--- Provided data Enclosed Below ---

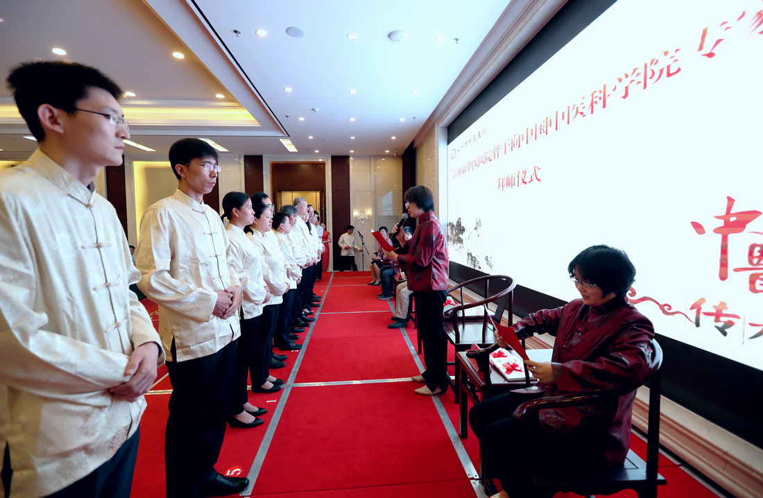 仪式现场,来自中国中医科学院的杨宇飞、苏庆民、丁全茂、黄涛4位教授现场收徒。市中医医院12位骨干医师宣读拜师帖、献茶献花、宣立誓言,正式拜师。此前5月9日和5月13日,市中医医院4位中医骨干人员已分别进京正式拜师国医大师翁维良先生、林兰教授。
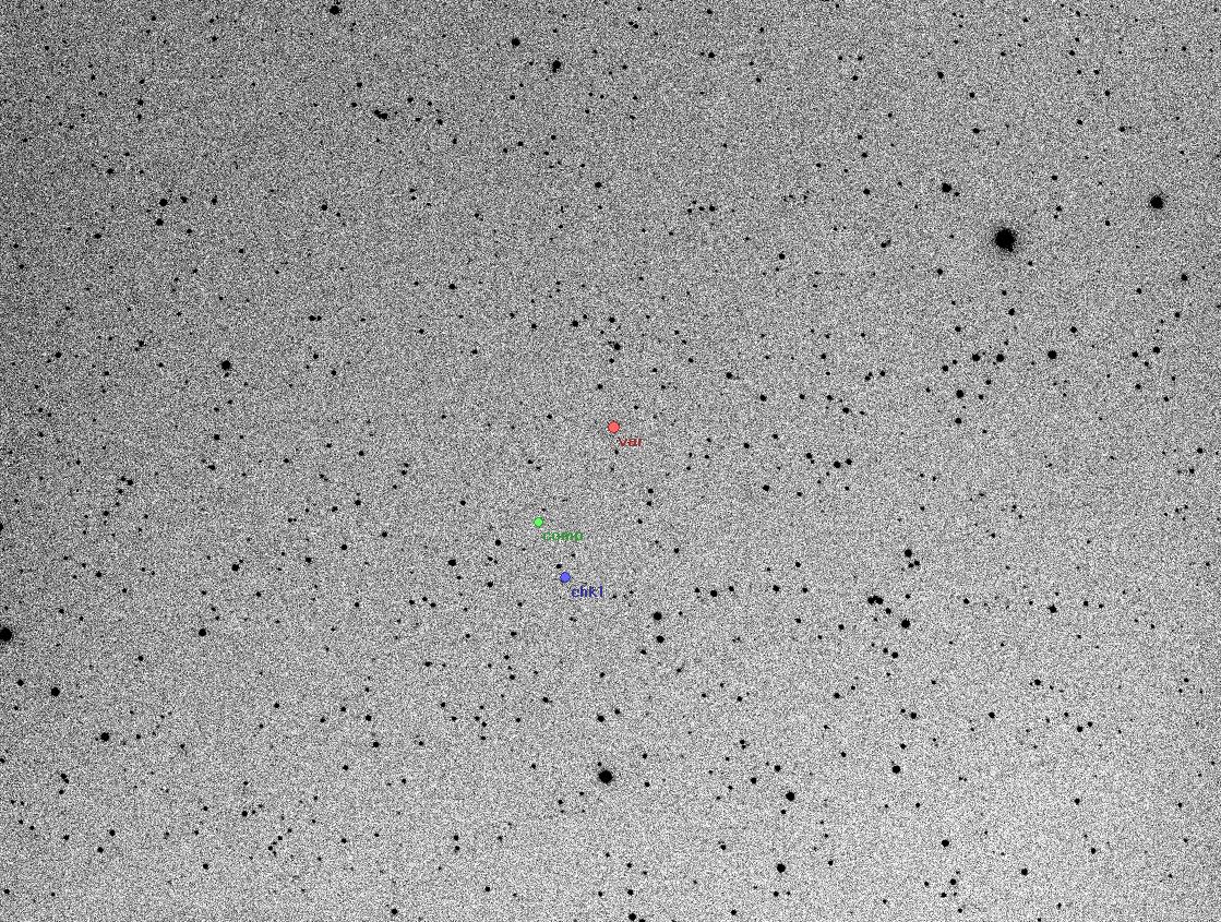 Rovná část bez minima. Nová proměnná hvězda 11,1 - 11,7 mag. Vypadá to na typ Algol. V SIMBAD ani v AAVSO není uvedena. Dalekohled: ED 120/900, CCD: G2-8300, binning 3x3, filtr Visible, expozice 120s, chlazeno na -20°C, mimoosá pointace přes G1, místo: HaP Plzeň, pozorovací podmínky: přesvětlená obloha, na město průměr.
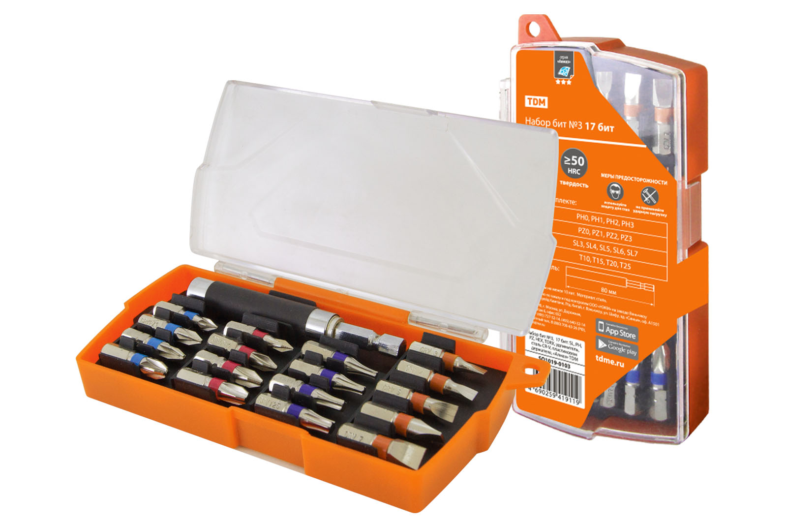 Материалы:Для набора 2 сталь марки S2. Для остальных наборов хром-ванадиевая сталь CR-V. Преимущества:Оптимальный подбор бит в наборе, как для домашнего, так и для профессионального использования. Количество бит в наборе в зависимости от артикула 6, 10, 17 и 66 штук.Удобное хранение.Назначение:Для монтажа различного типа шлицевых, торцевых, специальных элементов крепежа.Использование в качестве оснастки для дрелей-шуруповёртов. Упаковка:Индивидуальный пластиковый держатель, содержащий всю не
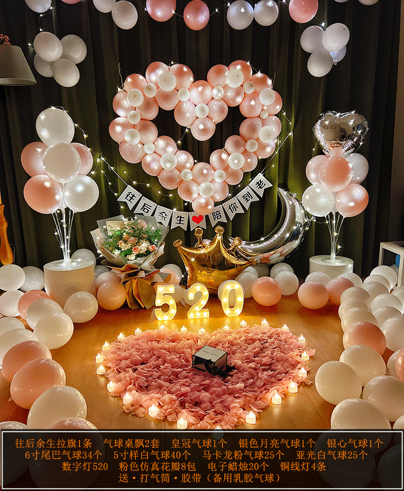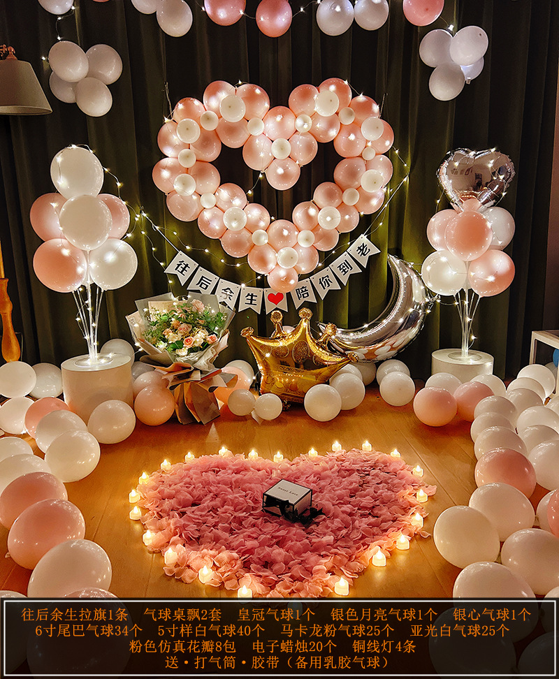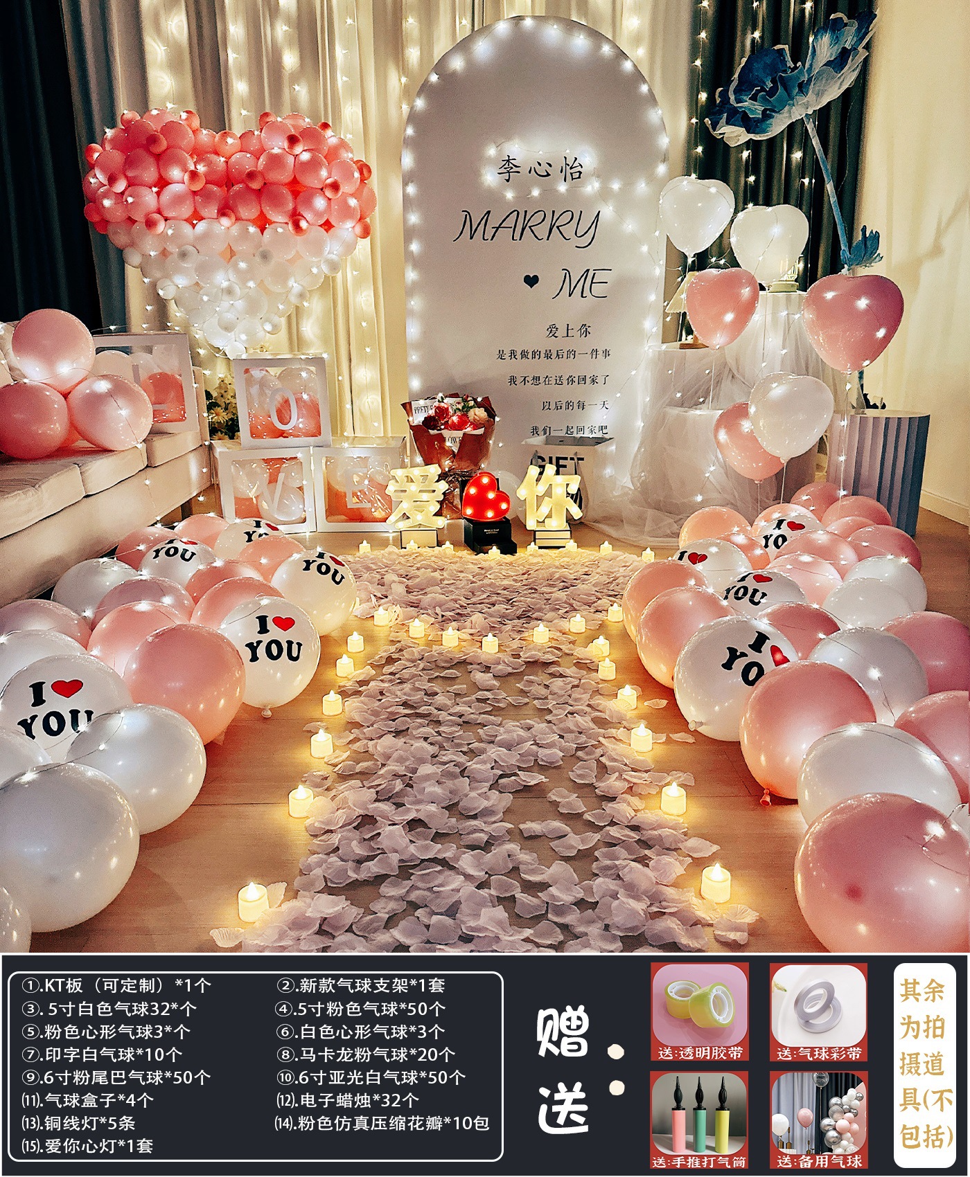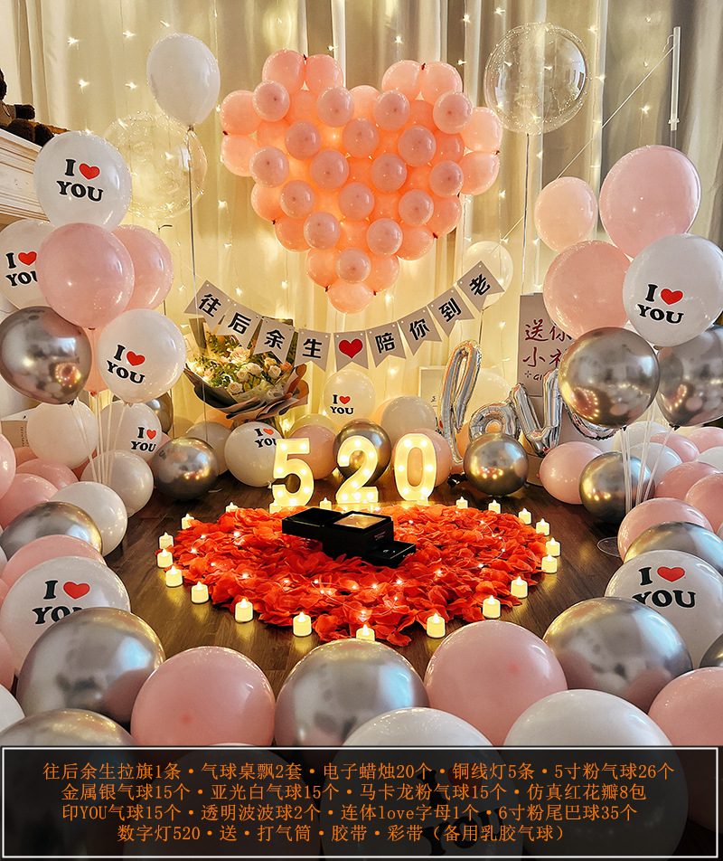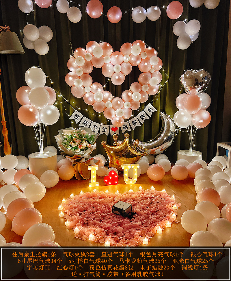 기념일 서프라이즈 낭만적 인 장면 장식 Tanabata 발표 LED 제안 풍선 배경 벽 배치
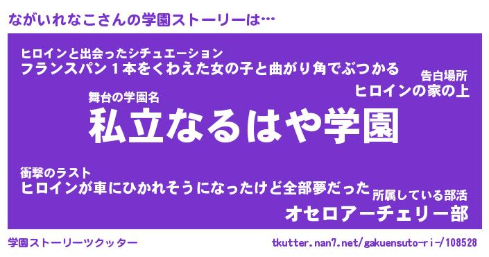 | 女子向けラノベタイトル風あだ名 | 『(仮)ながいれなこのやんごとなき事情』 |
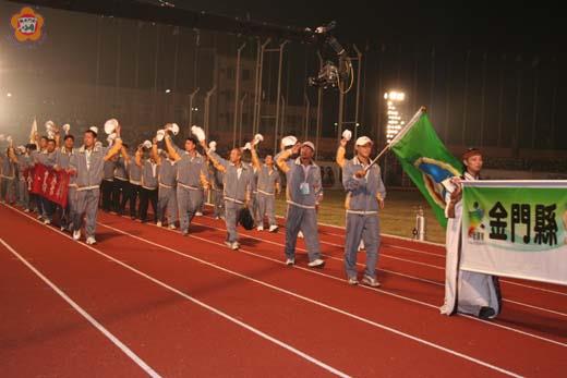 九十四年全國運動會昨日下午六時在雲林縣斗南田徑場揭開序幕,被安排在最先進場的金門縣代表隊,由金門縣體育會理事長王異生率領選手及隊職員在縣旗引領下進場,受到全場觀眾的熱烈歡迎。包含教練、選手在內,本屆全運會金門代表隊計有二十九位選手,將參與田徑、跆拳道、自由車、健美、保齡球、帆船等六項競技,預定廿日閉幕。 由於另有要公,縣長李炷烽不克出席,但他還是特別致電代表隊為大家加油打氣,領隊一職改由王異生出任。地主雲林縣為了禮遇離島縣市,仍按照慣例安排金門、連江兩縣代表隊員優先進場,地區選手們進場時,全場觀眾報以熱烈掌聲。 王異生表示,這是他就任理事長以來首次領軍,感到相當光榮,而他也期許代表隊選手們可以有好的表現,為金門爭光;金門縣代表隊總管理李再杭也說,此次金門代表隊進場時特別手持「金門縣代表隊|高粱酒的故鄉」布條,相當受到矚目,也成功為金酒公司打響廣告。 全運會開幕典禮於昨日下午五時二十分起展開,由行政院體育委員會主委陳全壽主持,包括總統陳水扁、行政院長謝長廷等貴賓也出席參與,另外表演活動眾星雲集,有動力火車、KONE、阿桑等歌手助陣,全運會代言人王力宏也賣力開唱。此外,典禮也依「傳承、創新、躍動」精神,由雲林縣七所學校八百位學生,以及十一個表演團體共同演出的「歡喜鬥陣迎全運」、「魔豆森巴嘉年華」和「希望起飛的所在」,場面相當熱鬧。 值得一提的是,全運會在開幕典禮上以「亞奧運」點燃聖火模式規劃了全國首度呈現的環場煙火設計,以9發飛箭煙火分成三道自聖火台飛向司令台後,引燃四波480發瞬間火龍煙火,以每0.01秒間隔速度燃放,接著二側看台以風火輪煙火特效掀起一波波高潮,在風火輪煙火的引導下,啟動「LED科技烽火輪」,並引燃勝利之火,緊接著在震撼的虎尾煙火、長達80米的瀑布煙火及高空煙火的交織,壯闊的煙火秀讓人印象深刻。 今年的全國運動會共有二十五個縣市,近九千一百多位選手參與,角逐三十四種競賽項目,爭奪三百五十四面的金牌,而各項賽程將從今日起陸續登場,而開幕前已有划船、自由車、保齡球等項目提前開戰。 金門地區參與本屆全運會的男女選手計有二十九人,選手實力都相當堅強,可望再為地區拿下多面獎牌,其中較被看好的項目有:跆拳道、田徑、自由車與健美,跆拳道部分,若蘇麗文如願得下金牌,可望獲得四連霸。 田徑方面,參賽的選手清一色都是男性,僅有二位女選手,由教練辛雷達與黃嘉維率領,選手包括何盡平(五千、一萬公尺、三千公尺障礙)、何盡文(五千、一萬公尺)、李智章(八百公尺)、黃世昌(八百公尺)、李易勳(馬拉松)、翁瑀涔(馬拉松)、楊易霖(一千五百公尺)、蔣光明(三千公尺障礙)、楊耀光(一千五百公尺)、莊毓虹(五千公尺)、李嘉慧(五千公尺)。 另一個具有金牌實力的隊伍則是健美項目,本年度由林登惠領隊,陳建發擔任教練,選手包括男子組健美第七級汪再莒、第五級李政傑二人,兩人近來在健美選拔賽中都有不錯成績。 自由車項目亦有「二○○二年亞洲盃登山車錦標賽」金牌選手陳如妙,將代表金門參與女子個人公路賽。 保齡球方面,雖然歷屆的比賽成績不盡理想,但地區球友並不氣餒,依舊屢敗屢戰,組隊參與這項盛會。本年度的保齡球代表隊由周浯斌領隊,蔡啟仁擔任教練,楊龍隆擔任隊長,隊員包括李馬成、張惠民、簡永昌、陳志銘、許聰明與女子選手洪巧菱等。 昨日參與開幕式的金門代表隊隊職員除領隊的王異生之外,還包括總幹事盧志輝、副總幹事許換生、總管理李再杭、總教練陳國生等。今(十六)日排定的賽程包括田徑男子一萬公尺決賽,及一千五百公尺預賽,跆拳道等項目也將展開預賽。這項運動會係從「省運會」、「區運會」一路發展而來,自八十八年起改為「全國運動會」,並採「縣市申辦制」,今年由雲林縣政府取得主辦權。

--- End of Enclosed Provided data ---

◆ **What you have to do**
Write out exactly the run of lines above that starts at the line containing "Материалы:Для набора 2" and ends at the line containing "女子向けラノベタイトル風あだ名 | 『(仮)ながいれなこのやんごとなき事情』 |". Include both, and leave the pictures out.

◆ **Result**
 Материалы:Для набора 2 сталь марки S2. Для остальных наборов хром-ванадиевая сталь CR-V. Преимущества:Оптимальный подбор бит в наборе, как для домашнего, так и для профессионального использования. Количество бит в наборе в зависимости от артикула 6, 10, 17 и 66 штук.Удобное хранение.Назначение:Для монтажа различного типа шлицевых, торцевых, специальных элементов крепежа.Использование в качестве оснастки для дрелей-шуруповёртов. Упаковка:Индивидуальный пластиковый держатель, содержащий всю не
 기념일 서프라이즈 낭만적 인 장면 장식 Tanabata 발표 LED 제안 풍선 배경 벽 배치
 | 女子向けラノベタイトル風あだ名 | 『(仮)ながいれなこのやんごとなき事情』 |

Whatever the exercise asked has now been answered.